Tendo em vista que o dano moral suportado pelo autor está bem delineado e a responsabilidade civil do réu plenamente caracterizada, passo à
análise do quantum debeatur .

A reparação dos danos morais deve abranger três vertentes: a primeira, de caráter punitivo, objetivando penalizar o causador da lesão pela ofensa
que praticou; a segunda, de caráter compensatório, que proporciona ao ofendido algum bem em contrapartida ao mal sofrido, e a terceira, de
caráter dissuasório ou preventivo, que busca dissuadir o responsável pelo dano a cometer novamente a mesma modalidade de violação e prevenir
que outra pessoa pratique ilícito semelhante.

O dever de indenizar decorre, de modo imediato, da quebra da confiança e da justa expectativa do consumidor, sob pena de vulnerar-se a função
punitiva (intimidativa, pedagógica ou profilática) da indenização, na exata medida do que se conhece como teoria do desestímulo, o que é
admitido com tranquilidade pela jurisprudência do intérprete soberano da legislação federal.

Por via de consequência, diante da falta de segurança dos serviços ofertados em detrimento do apelante, presumem-se os transtornos emocionais
e psíquicos experimentados, o que resultou em evidente impacto na prática de seus atos na vida civil e não pode ser considerado um mero
aborrecimento.

Forçoso concluir, portanto, que, o valor fixado na sentença - R$.5.000,00 - comporta revisão.

Nessa linha de raciocínio, levando-se em conta as circunstâncias fáticas que envolvem a quaestio e a capacidade econômica das partes, razoável
que a indenização seja majorada para R$.10.000,00.

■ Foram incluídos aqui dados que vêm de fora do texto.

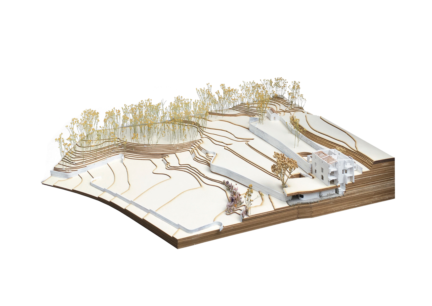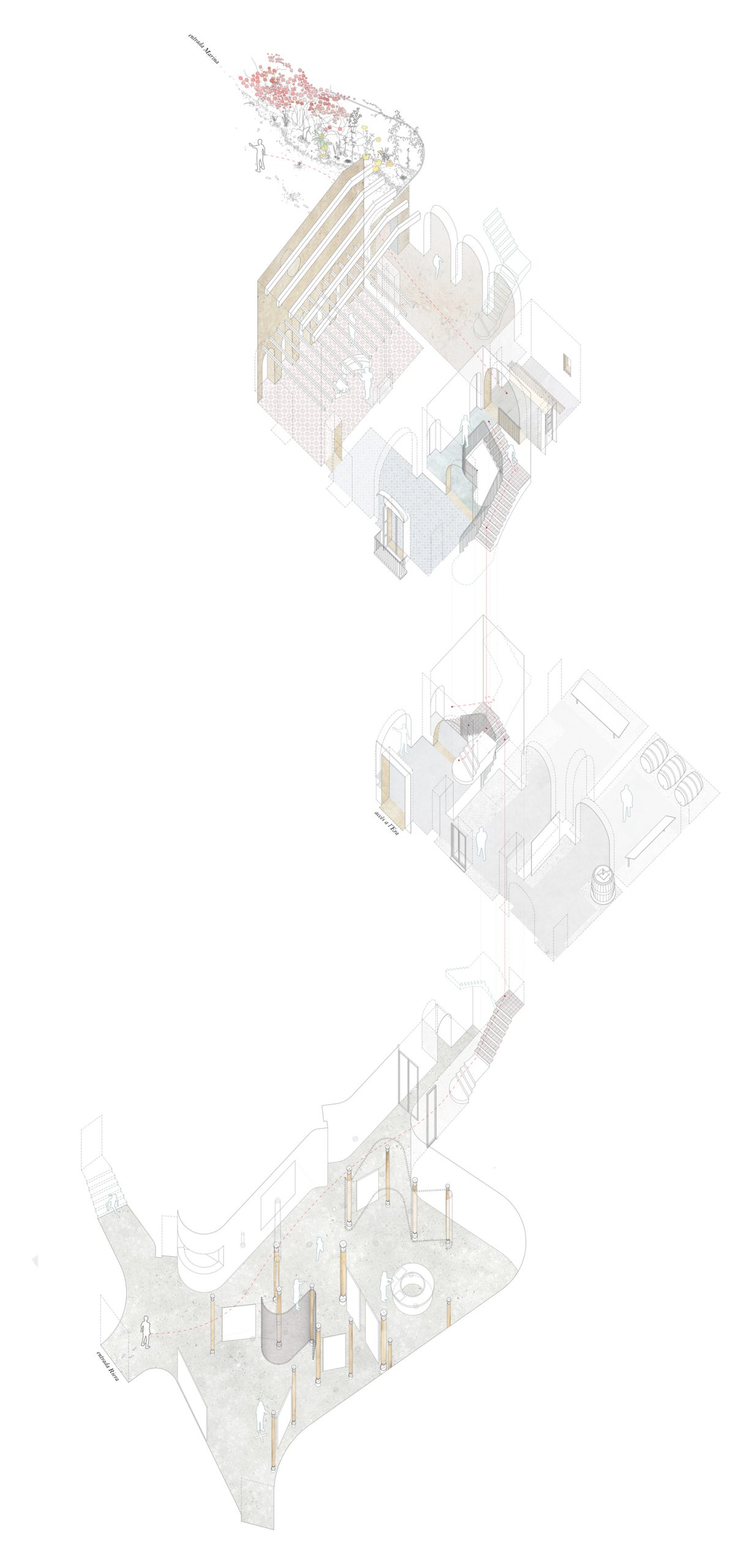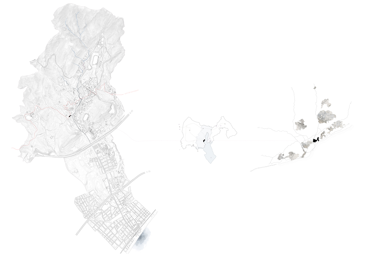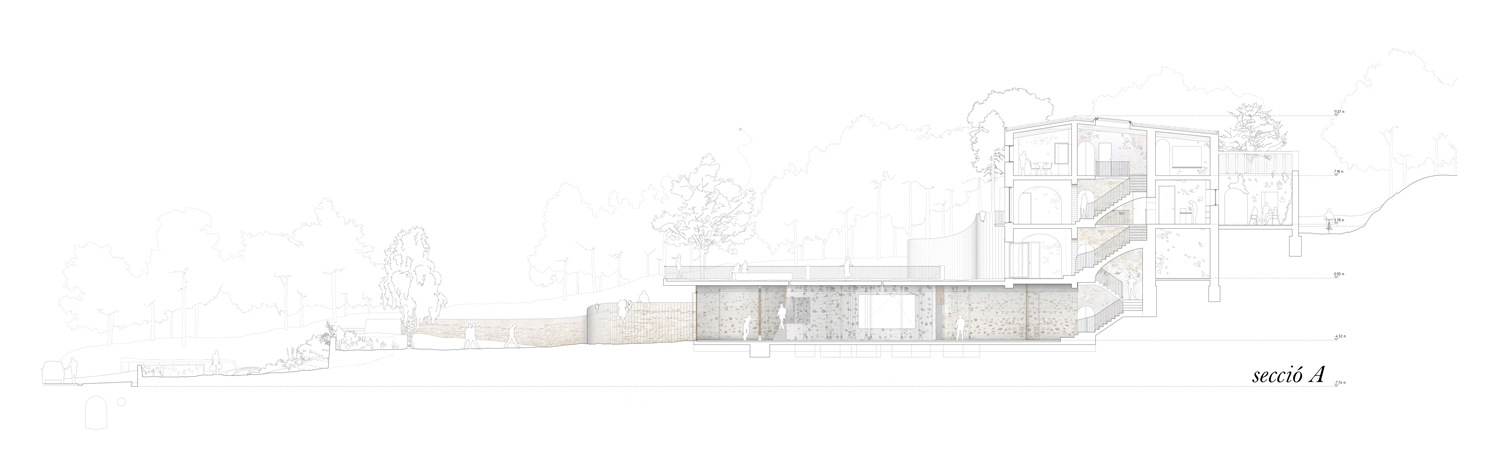 In the center of Canyet there is Can Mora, an old traditional house. It’s located on the crossroad between the water course path and one of the main paths of the park, also known as“the smuggler’s path”. Long ago, this path was used to smuggle tobacco and other goods to the city through the mountain. This project aims to give the city a space to comprehend the park’s natural riches. Therefore, this place is thought as the doorway to all the path-roads within the park.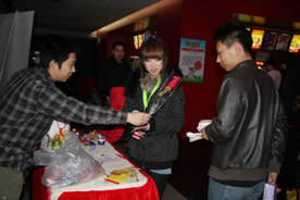 观影的人多为情侣,志愿者们还准备了玫瑰花,送给前来参与问询、现场填写志愿者报名表的情侣们。妇幼保健所的志愿者们还向人群发放了免费婚检与孕产妇HIV免费筛查的相关宣传材料。

Transcrevo, entendimento do Colendo E.STJ, nas palavras da Min. Nancy Andrighi:

"A indenização por dano moral deve atender a uma relação excessiva a ponto de desbordar da razão compensatória para a qual foi predisposta."
(STJ; REsp XXXXX/MG)

De se lembrar que nos termos da Súmula 326, do Colendo Superior Tribunal de Justiça:

"Na ação de indenização por dano moral, a condenação em montante inferior ao postulado na inicial não implica sucumbência recíproca".

No que se refere ao termo inicial de incidência dos juros moratórios sobre os danos morais, a insurgência prospera.

Os juros devidos somente podem incidir a partir do evento danoso ( Súmula 54 do STJ) no caso de se tratar de relação extracontratual, o que
ocorre no presente caso.

Nessa quadra, reforma-se parcialmente a r. sentença, para majorar o valor dos danos morais para R$.10.000,00, atualizado a partir da data da
publicação do Acórdão e acrescido de juros da mora de 1% (um por cento) ao mês a partir do primeiro desconto indevido, por se tratar de
responsabilidade extracontratual (Súmula 54, do STJ).

Sucumbente, o réu arcará integralmente com ao pagamento das custas, despesas processuais e honorários advocatícios que fixo em 20% sobre o
valor da condenação atualizado, nos termos do art. 85, §§ 2º e 11, do CPC, em observância ao grau de zelo dos profissionais atuantes, o lugar de
prestação do serviço, a natureza e a importância da causa e o trabalho realizado pelos advogados do vencedor, além do tempo exigido para o seu
serviço.

Ex positis , pelo meu voto, DÁ-SE PROVIMENTO ao recurso.

Por fim, consideram-se prequestionadas e não ofendidas todas as normas jurídicas reportadas no curso do feito.